(Records from a collection)
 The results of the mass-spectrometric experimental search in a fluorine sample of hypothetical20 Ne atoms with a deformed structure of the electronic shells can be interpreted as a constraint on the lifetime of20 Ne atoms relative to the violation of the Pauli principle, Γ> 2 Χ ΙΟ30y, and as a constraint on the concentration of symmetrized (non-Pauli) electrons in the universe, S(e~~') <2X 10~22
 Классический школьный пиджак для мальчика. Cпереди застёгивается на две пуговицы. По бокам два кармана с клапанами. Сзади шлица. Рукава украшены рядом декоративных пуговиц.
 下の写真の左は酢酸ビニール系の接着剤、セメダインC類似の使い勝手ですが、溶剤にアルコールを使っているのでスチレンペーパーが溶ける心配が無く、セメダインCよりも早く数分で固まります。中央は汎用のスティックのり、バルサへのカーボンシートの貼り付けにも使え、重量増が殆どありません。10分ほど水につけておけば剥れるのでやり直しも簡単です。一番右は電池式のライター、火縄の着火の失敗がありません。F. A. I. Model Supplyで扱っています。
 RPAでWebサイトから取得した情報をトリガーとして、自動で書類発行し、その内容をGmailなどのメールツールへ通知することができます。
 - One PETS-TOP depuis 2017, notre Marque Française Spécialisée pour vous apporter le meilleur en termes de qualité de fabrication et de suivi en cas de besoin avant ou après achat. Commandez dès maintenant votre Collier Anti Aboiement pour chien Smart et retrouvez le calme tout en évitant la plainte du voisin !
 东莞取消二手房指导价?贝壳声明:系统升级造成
--
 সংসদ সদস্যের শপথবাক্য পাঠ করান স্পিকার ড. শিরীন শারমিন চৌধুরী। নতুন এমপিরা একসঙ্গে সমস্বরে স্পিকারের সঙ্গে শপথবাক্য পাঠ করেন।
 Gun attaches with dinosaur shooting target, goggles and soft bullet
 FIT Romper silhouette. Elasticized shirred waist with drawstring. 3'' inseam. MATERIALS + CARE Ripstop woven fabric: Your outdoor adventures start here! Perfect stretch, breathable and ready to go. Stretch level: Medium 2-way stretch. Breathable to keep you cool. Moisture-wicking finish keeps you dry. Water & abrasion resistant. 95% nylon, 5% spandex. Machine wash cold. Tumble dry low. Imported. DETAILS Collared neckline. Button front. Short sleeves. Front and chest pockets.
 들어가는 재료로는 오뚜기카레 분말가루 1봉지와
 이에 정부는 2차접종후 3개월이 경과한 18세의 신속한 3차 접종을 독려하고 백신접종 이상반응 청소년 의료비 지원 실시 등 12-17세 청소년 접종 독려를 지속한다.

* PROBLEM: For the lines above, output exactly those from the line containing "들어가는 재료로는 오뚜기카레 분말가루 1봉지와" through the line containing "이에 정부는 2차접종후", and skip the others.

* PROBLEM SOLUTION:
 들어가는 재료로는 오뚜기카레 분말가루 1봉지와
 이에 정부는 2차접종후 3개월이 경과한 18세의 신속한 3차 접종을 독려하고 백신접종 이상반응 청소년 의료비 지원 실시 등 12-17세 청소년 접종 독려를 지속한다.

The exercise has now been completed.